Step 2: Run Against Current Config

# Start gateway with current config
kt gateway run --policy-config current-policy-config.yaml --port 41002 &
GATEWAY_PID=$!
sleep 3

# Run test prompts and capture decisions
./scripts/run-regression-prompts.sh test-prompts.json > results-before.json

kill $GATEWAY_PID

Step 3: Run Against Proposed Config

# Start gateway with proposed config
kt gateway run --policy-config proposed-policy-config.yaml --port 41002 &
GATEWAY_PID=$!
sleep 3

# Run same prompts
./scripts/run-regression-prompts.sh test-prompts.json > results-after.json

kill $GATEWAY_PID

Step 4: Compare Results

# Diff decisions
diff <(jq '[.[] | {id, decision}]' results-before.json) \
<(jq '[.[] | {id, decision}]' results-after.json)

# Count regressions
REGRESSIONS=$(diff <(jq -c '.[] | {id, decision}' results-before.json) \
<(jq -c '.[] | {id, decision}' results-after.json) | grep "^<" | wc -l)

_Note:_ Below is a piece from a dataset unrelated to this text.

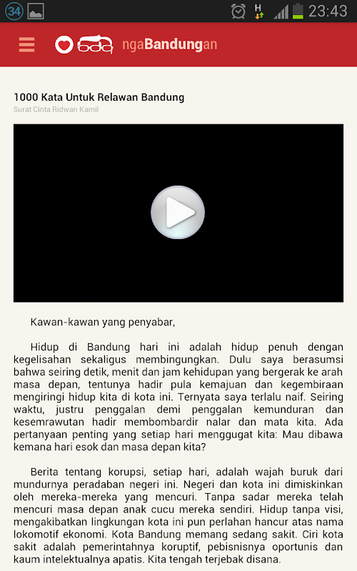 Let's get together to fix Bandung, because "Good Government" is not enough to build a city need "Good Citizen" also to make Bandung City Champion.

echo "Regressions detected: $REGRESSIONS"

Configuration Validation with kt policy lint

Always validate before deploying:

# Syntax and schema validation
kt policy lint --file policy-config.yaml

# Check for common issues:
# - Duplicate policy names
# - Invalid action types
# - Missing required fields
# - Regex syntax errors in DLP patterns

Integrate validation as a pre-commit hook:

#!/bin/bash
# .git/hooks/pre-commit — validate policy configs

CONFIGS=$(git diff --cached --name-only | grep "policy-config.yaml")

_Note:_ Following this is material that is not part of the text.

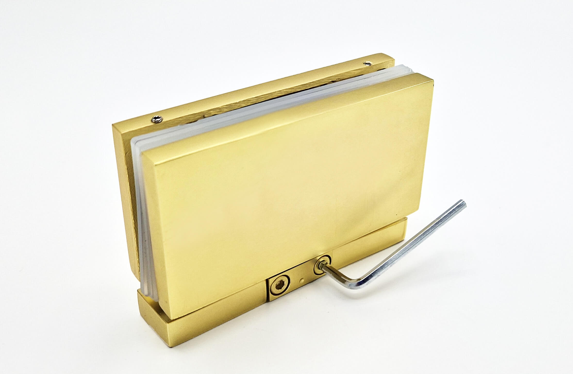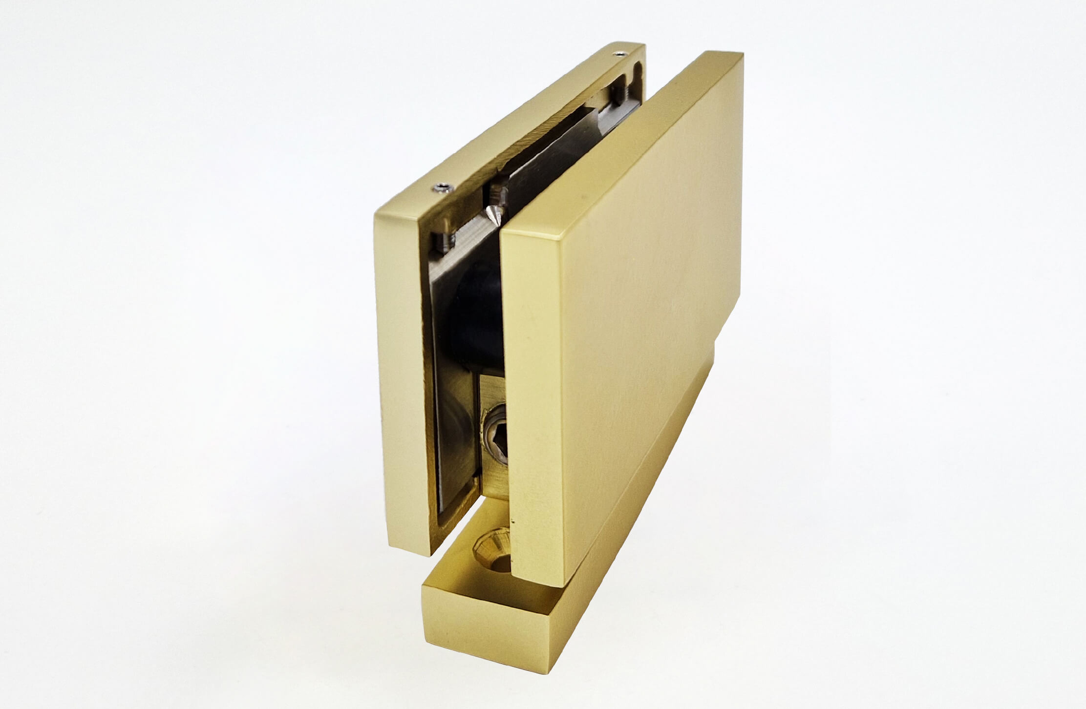 Bisagras de alineación regulable para puertas pivotantes, en este caso, para vidrios con espesor de 11.52 (5+5 laminado templado), y regulación grados “punto 0”.

for config in $CONFIGS; do
echo "Validating $config..."
if ! kt policy lint --file "$config"; then
echo "ERROR: Policy config validation failed for $config"
exit 1
fi
done

Snapshot Testing Policy Outputs

Snapshot testing captures the full gateway decision for a set of prompts and stores it as a golden file. Future runs compare against this snapshot.

Creating Snapshots

#!/bin/bash
# create-policy-snapshot.sh

CONFIG="$1"
PROMPTS="test-prompts.json"
SNAPSHOT_DIR="snapshots"

mkdir -p "$SNAPSHOT_DIR"

kt gateway run --policy-config "$CONFIG" --port 41099 &
GATEWAY_PID=$!
sleep 3

RESULTS=()
jq -c '.[]' "$PROMPTS" | while read -r entry; do
ID=$(echo "$entry" | jq -r '.id')
REQUEST=$(echo "$entry" | jq -c '.request')

RESPONSE=$(curl -s -w "\n%{http_code}" http://localhost:41099/v1/chat/completions \
-H "Content-Type: application/json" \
-d "$REQUEST")

HTTP_CODE=$(echo "$RESPONSE" | tail -1)
BODY=$(echo "$RESPONSE" | head -n -1)

echo "{\"id\": \"$ID\", \"http_code\": $HTTP_CODE}" >> "$SNAPSHOT_DIR/decisions.jsonl"
done

kill $GATEWAY_PID
echo "Snapshot saved to $SNAPSHOT_DIR/decisions.jsonl"

Comparing Against Snapshots

#!/bin/bash
# compare-policy-snapshot.sh

SNAPSHOT="snapshots/decisions.jsonl"
CURRENT="current-decisions.jsonl"

# Generate current decisions (same script as above, output to CURRENT)

DIFF_COUNT=$(diff <(sort "$SNAPSHOT") <(sort "$CURRENT") | grep "^[<>]" | wc -l)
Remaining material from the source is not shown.